Starting from the line that holds "2007年孔令發(fā)董事長獲評(píng)希望工程愛心大使", output exactly each line through the end of the listing. Do not copy pictures.

════════════════

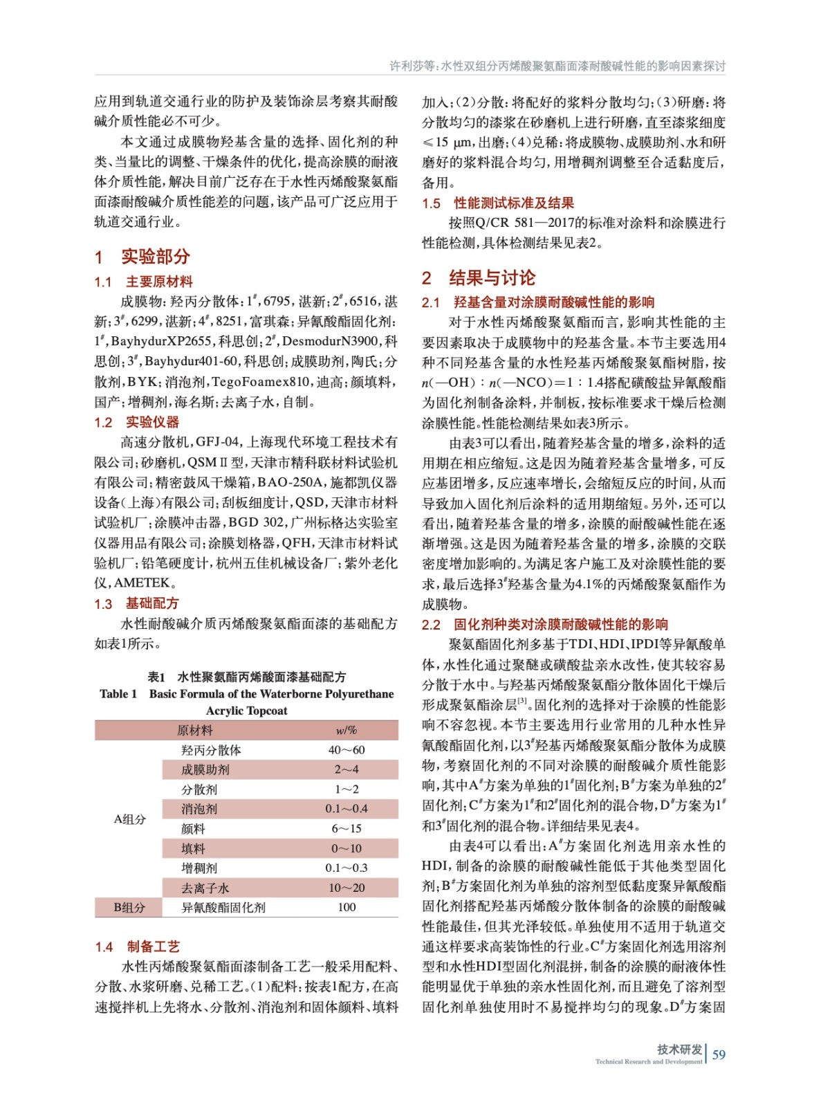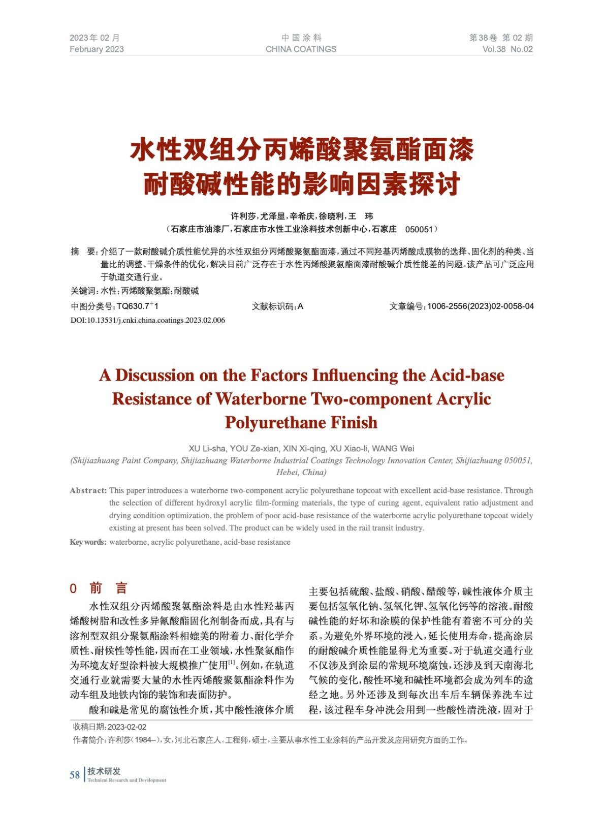 介紹了一款耐酸堿介質性能優異的水性雙組分丙烯酸聚氨酯面漆,通過不同羥基丙烯酸成膜物的選擇、固化劑的種類、當量比的調整、干燥條件的優化,解決目前廣泛存在于水性丙烯酸聚氨酯面漆耐酸堿介質性能差的問題。該產品可廣泛應用于軌道交通行業。
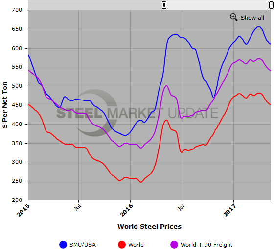 The SteelBenchmarker world export price for hot rolled bands is $450 per net ton ($496 per metric ton) FOB the port of export according to data released by SteelBenchmarker on Monday May 8th. This is down $13 per ton from the previous release on April 24th and down $28 from one month ago. Adding in $90 in estimated import costs, that puts prices around $540 per ton delivered to the US. As previously mentioned, the latest Steel Market Update hot rolled price average is $610 per ton.
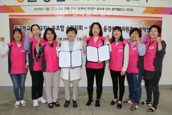 이날 정책협약식은 학교비정규직 노동자의 정규직화와 노동인권이 보장되는 인간다운 삶을 위해 마련했다.
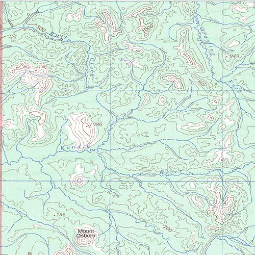 | The topo map image to the left is not an exact representation. The image is based on the 1:1,000,000 scale map of the Yukon Territory. The actual 1:250,000 and 1:50,000 scale maps have additional detail not shown at the 1:1,000,000 level. |
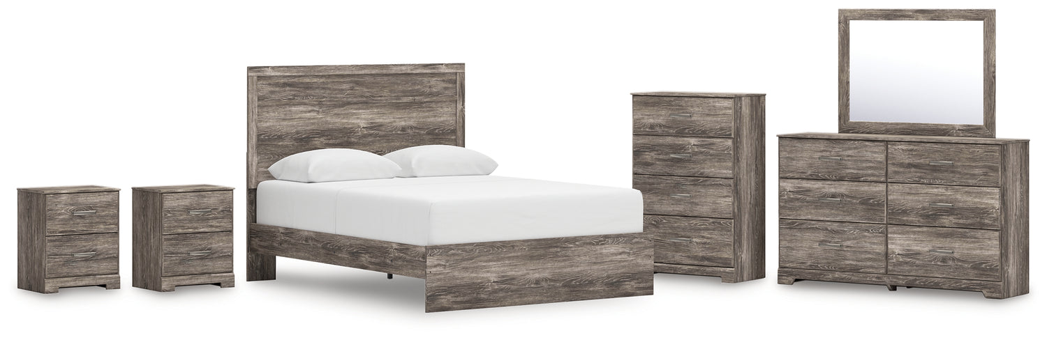 Ralinksi 7-Piece Queen Panel Bed with Mirrored Dresser, Chest and 2 Nightstands (Queen Panel Headboard/Footboard, Queen Panel Rails, Dresser, Bedroom Mirror, Chest of Drawers, Nightstand, Nightstand) is backordered and will ship as soon as it is back in stock.
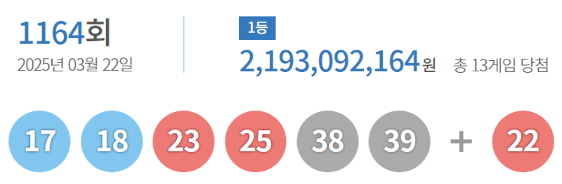 1164회 로또 1등 당첨번호 ‘17‧18‧23‧25‧38‧39’…보너스 ‘22’
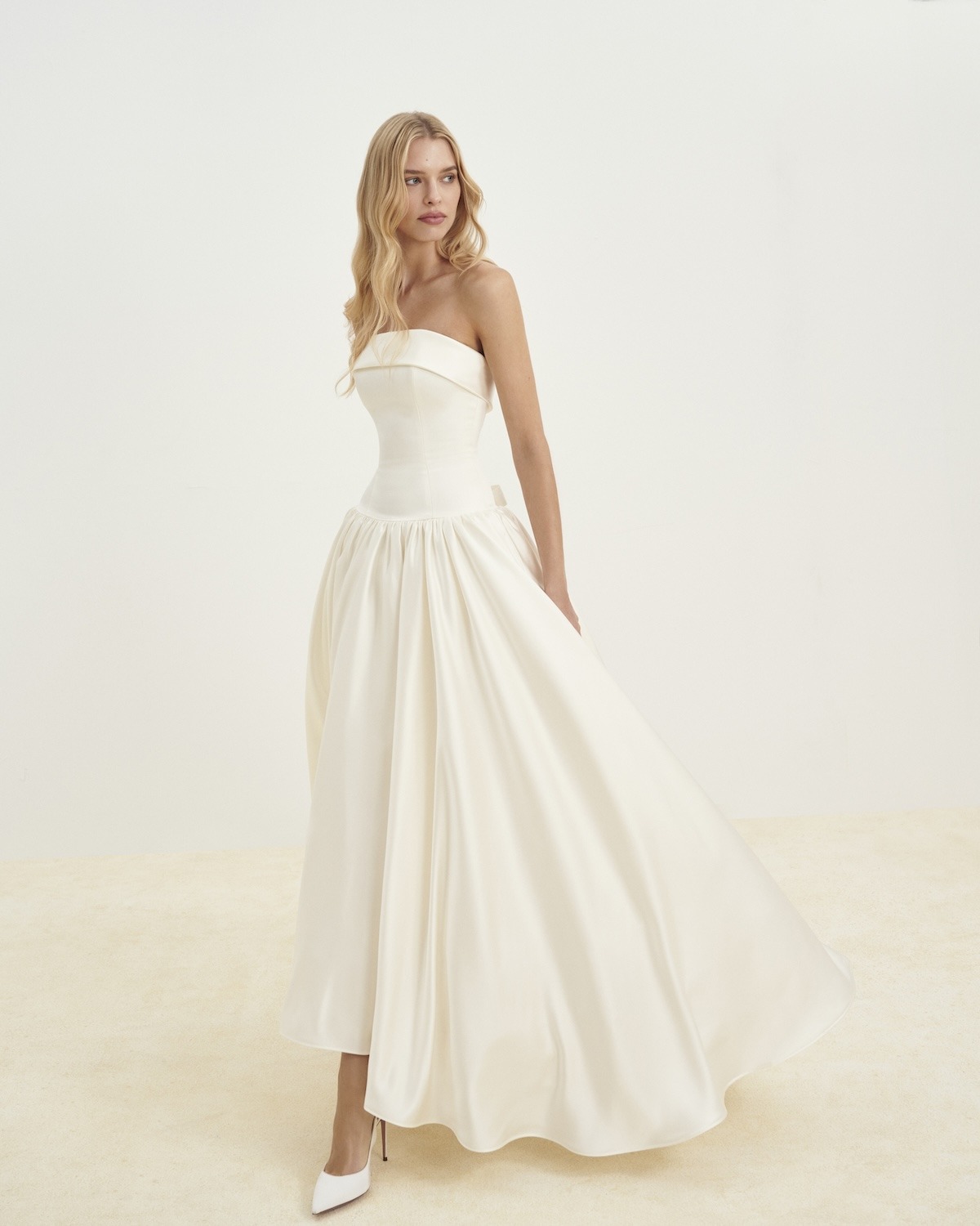 The high-low hemline offers a contemporary twist, allowing brides to showcase their footwear while maintaining a classic bridal look. The satin material provides a smooth and lustrous finish, enhancing the gown's sophisticated appeal.
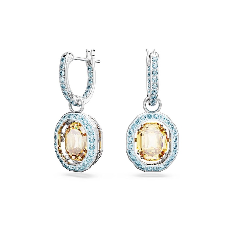 Available at Swarovski Chroma earrings feature large yellow crystals surrounded by small light blue crystals. The yellow centre stone is beautifully faceted and can move freely within the frame. The two-tone pendants of the earrings are attached to rings set with blue crystals. The jewellery is made of Swarovski jewellery metal, which has been rhodium-plated to a beautifully pale colour. Combine with other Swarovski-with other pieces of jewellery to create a personalised ensemble.
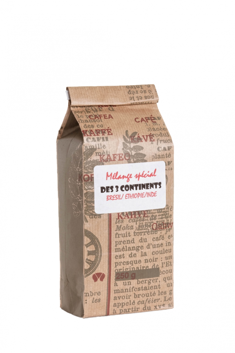 Café : 3 continents mélange corsé / fruité : Brésil / Ethiopie / Inde
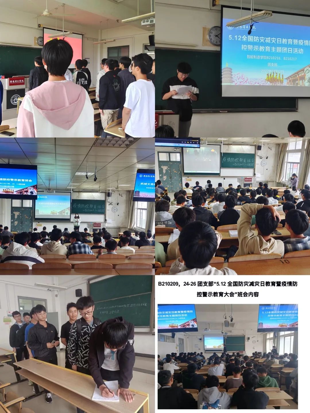 杨超烽老师在CS403教室组织其专业学生召开全国防灾减灾教育暨疫情防控警示教育主题班会,为大家宣传防灾减灾知识,并介绍河南郑州高校疫情的基本情况和本校相关同学因违反校园疫情防控政策,希望同学们引以为戒,立足大局。会议最后由团支部书记宣读校园疫情防控倡议书,所有同学在倡议书上签字。
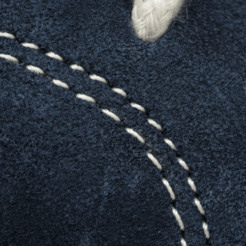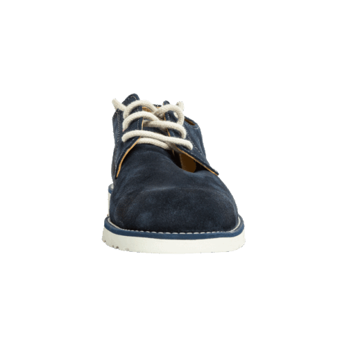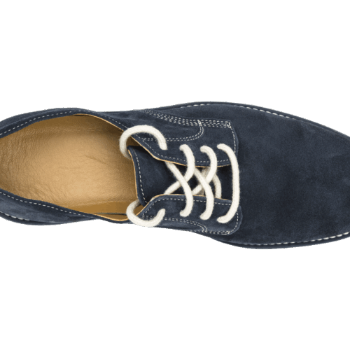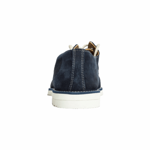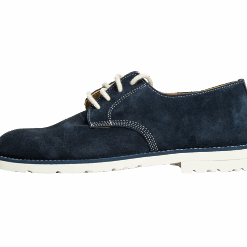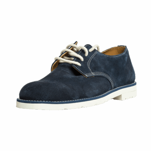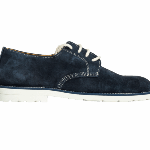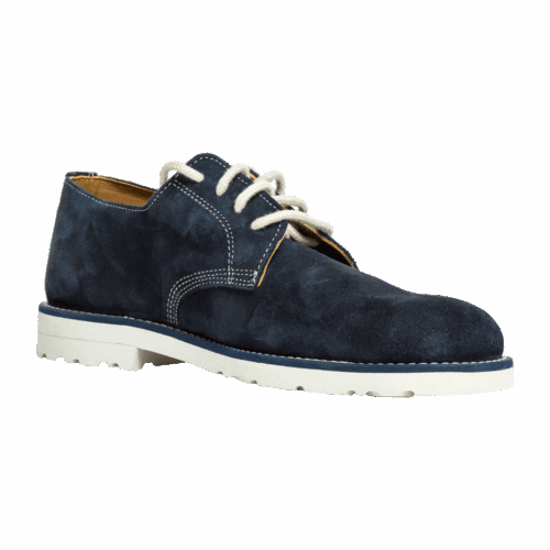 Zapato de cuero natural gamuzado en azul, con suela de caucho blanca. Ideal para el verano. Forrado en piel interior. Lleva incorporada una plantilla en piel acolchada sobre la planta de cuero que permite una mejor transpiración del pie y una mayor comodidad.
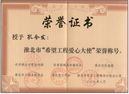 2007年孔令發(fā)董事長獲評(píng)希望工程愛心大使
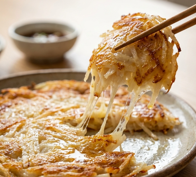 끓는 물에 데치지 않고 소금으로 수분만 빼서 만드는 무전입니다. 아삭함은 살아 있고, 감자전분 덕분에 떡처럼 쫀득해서 밥 대신 먹어도 든든합니다.
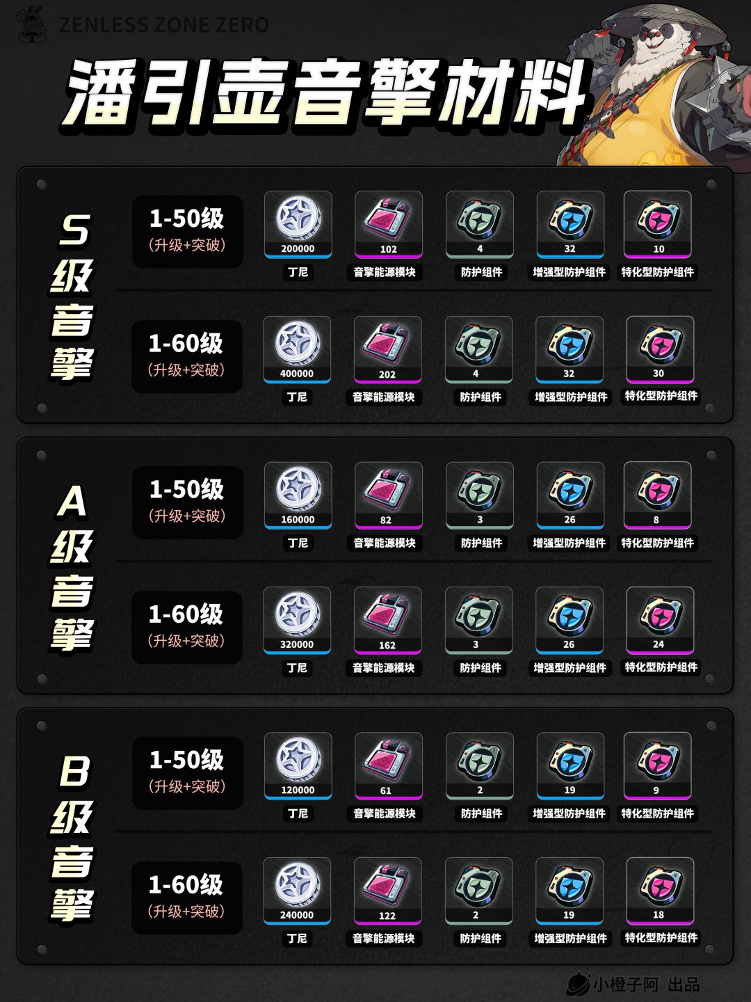 这一期是仪玄/潘引壶角色养成材料与音擎养成,音擎包含S/A/B级材料,小伙伴可根据自身需求进行选择。

════════════════

- Exercise response -
 2007年孔令發(fā)董事長獲評(píng)希望工程愛心大使
 끓는 물에 데치지 않고 소금으로 수분만 빼서 만드는 무전입니다. 아삭함은 살아 있고, 감자전분 덕분에 떡처럼 쫀득해서 밥 대신 먹어도 든든합니다.
 这一期是仪玄/潘引壶角色养成材料与音擎养成,音擎包含S/A/B级材料,小伙伴可根据自身需求进行选择。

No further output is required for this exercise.